Assignment ▸ When you restate the entries that follow, keep every word exactly and drop the pictures.

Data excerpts
________________________________________
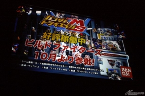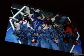 続いて、「ガンダムビルドファイターズ」に関連するガンプラのPV上映が行われ、主役機「ビルドストライクガンダム」や、「ザクアメイジング」、「ガンダムX魔王」など様々な機体のガンプラが発売されることも明らかにされた。
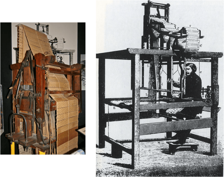 [Slideshow content: Jacquard Loom, William Morris’s ‘Acanthus and Vine’, and a weaved portrait of Joseph Marie Jacquard.]
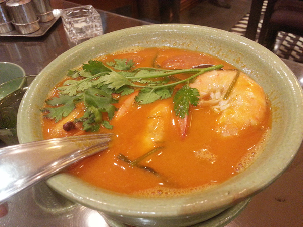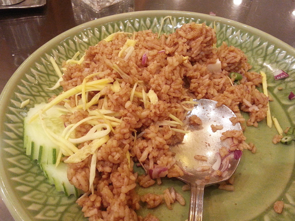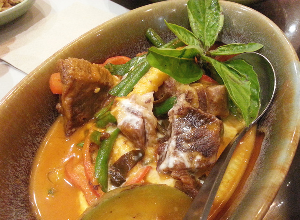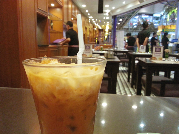 john and i dined at their greenhills branch one rainy day, when we were both famished and craving for some good food. i just recently got him hooked on thai food (he never even tried it before we met!) so we were both looking forward to a new discovery. we ordered the tom yam gung, beef in red curry, and bagoong rice. the soup was quite tasty and lovingly enjoyed by us both, but the two other dishes were just blah. worst of all, both the beef and the pork in the rice were too tough to chew, making our whole dining experience more stressful than pleasurable. even the thai iced tea was a bit of a letdown.
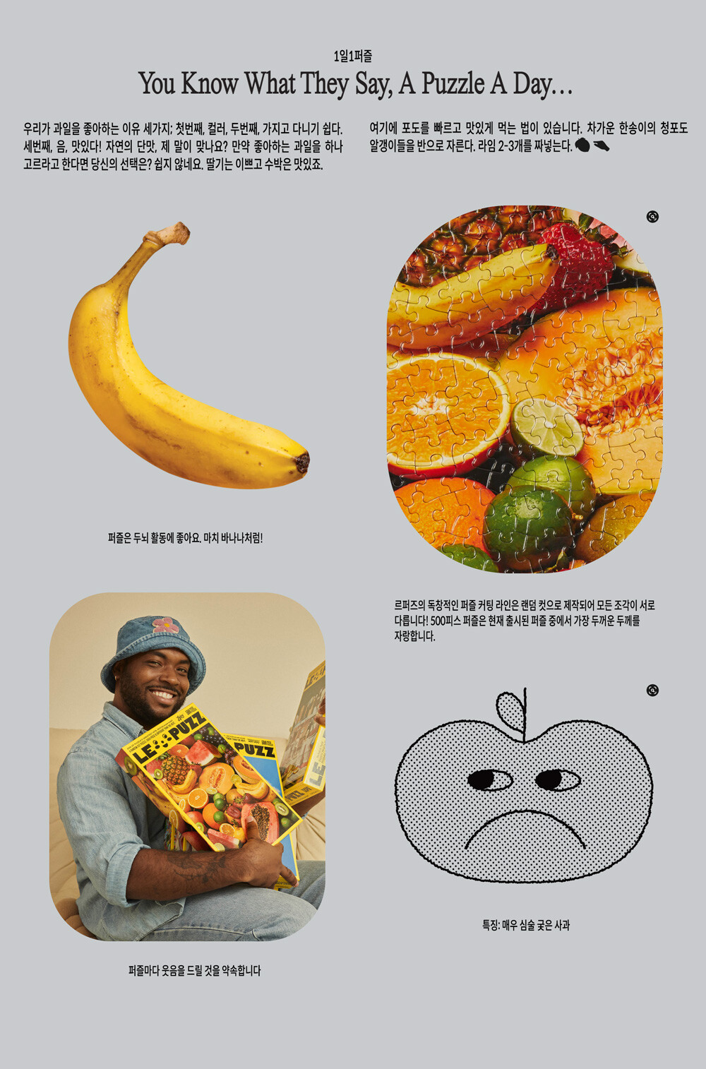 쥬시의 주제는 고전적인 직소 퍼즐의 대명사, 과일입니다! 가장자리부터…혹은 라임부터 시작해보세요. 딸기와 파파야의 씨가 환공포증을 유발할 수 있습니다. 😂
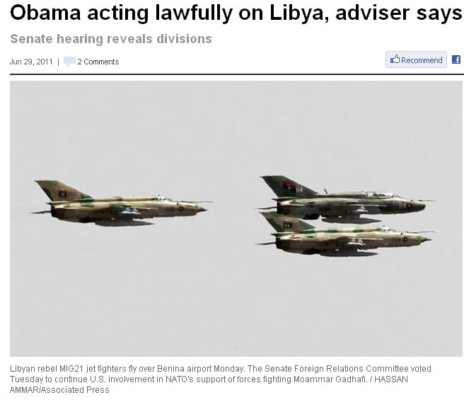 Thanks to a post on the ACIG.org forum, I found an article published on the Detroit Free Press titled “Obama acting lawfully on Libya, adviser says” that shows an extremely interesting picture of three FLAF (Free Libya Air Force) Mig-21s over Benina airport. The article was published on Jun. 29 and the picture was taken (according to the caption) on Jun.27.
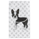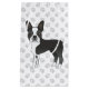Desteis originelle Cartoon-Illustration einer niedlichen Schwarz-Weiß-Farbe Boston Terrier Rasse Hund. Der Hintergrund weist ein Muster grauer Hundepfoten auf.
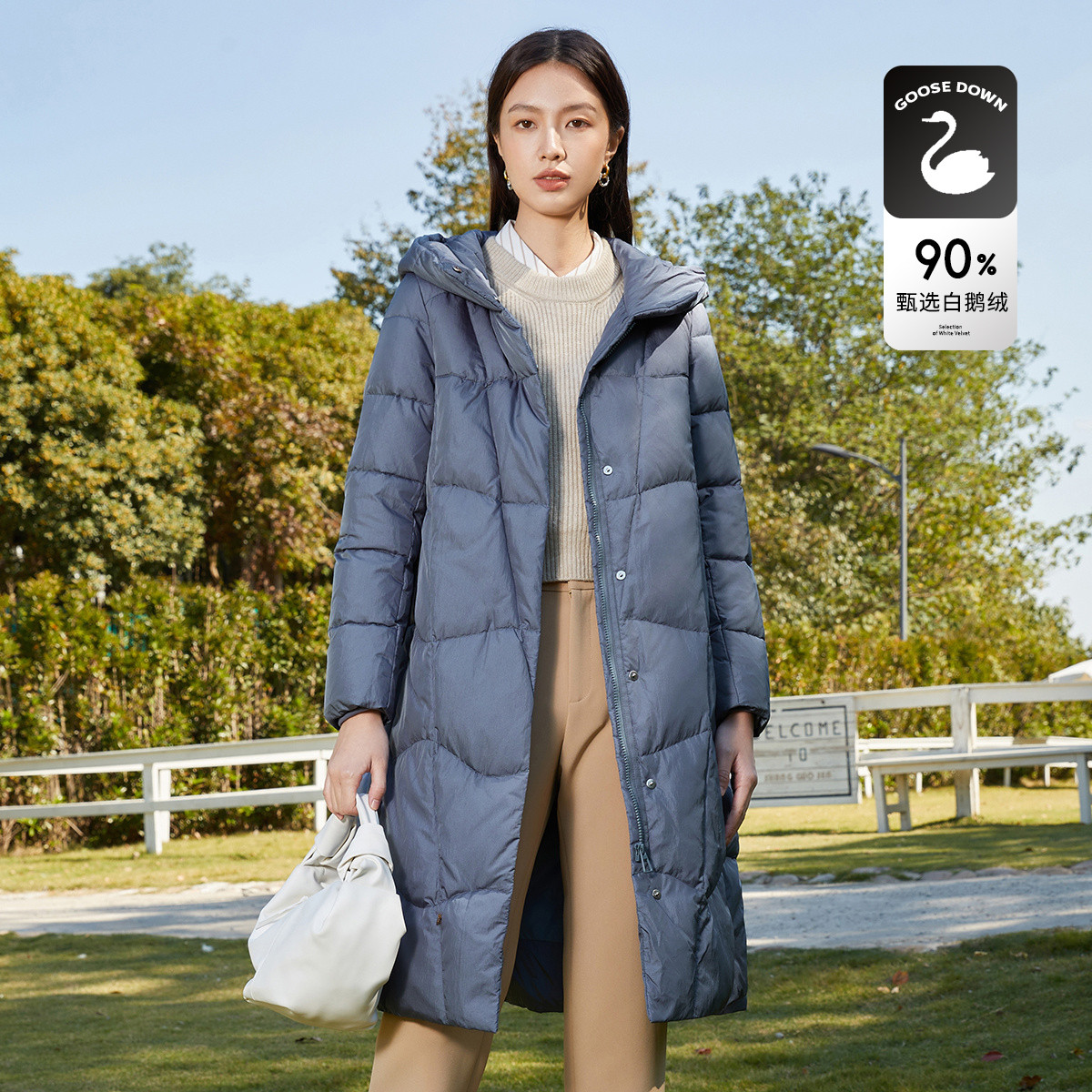 【鹅绒爆款】冬季女士长款羽绒服简约连帽防寒保暖极寒服 593759
________________________________________
Result of this exercise ▸
 続いて、「ガンダムビルドファイターズ」に関連するガンプラのPV上映が行われ、主役機「ビルドストライクガンダム」や、「ザクアメイジング」、「ガンダムX魔王」など様々な機体のガンプラが発売されることも明らかにされた。
 [Slideshow content: Jacquard Loom, William Morris’s ‘Acanthus and Vine’, and a weaved portrait of Joseph Marie Jacquard.]
 john and i dined at their greenhills branch one rainy day, when we were both famished and craving for some good food. i just recently got him hooked on thai food (he never even tried it before we met!) so we were both looking forward to a new discovery. we ordered the tom yam gung, beef in red curry, and bagoong rice. the soup was quite tasty and lovingly enjoyed by us both, but the two other dishes were just blah. worst of all, both the beef and the pork in the rice were too tough to chew, making our whole dining experience more stressful than pleasurable. even the thai iced tea was a bit of a letdown.
 쥬시의 주제는 고전적인 직소 퍼즐의 대명사, 과일입니다! 가장자리부터…혹은 라임부터 시작해보세요. 딸기와 파파야의 씨가 환공포증을 유발할 수 있습니다. 😂
 Thanks to a post on the ACIG.org forum, I found an article published on the Detroit Free Press titled “Obama acting lawfully on Libya, adviser says” that shows an extremely interesting picture of three FLAF (Free Libya Air Force) Mig-21s over Benina airport. The article was published on Jun. 29 and the picture was taken (according to the caption) on Jun.27.
Desteis originelle Cartoon-Illustration einer niedlichen Schwarz-Weiß-Farbe Boston Terrier Rasse Hund. Der Hintergrund weist ein Muster grauer Hundepfoten auf.
 【鹅绒爆款】冬季女士长款羽绒服简约连帽防寒保暖极寒服 593759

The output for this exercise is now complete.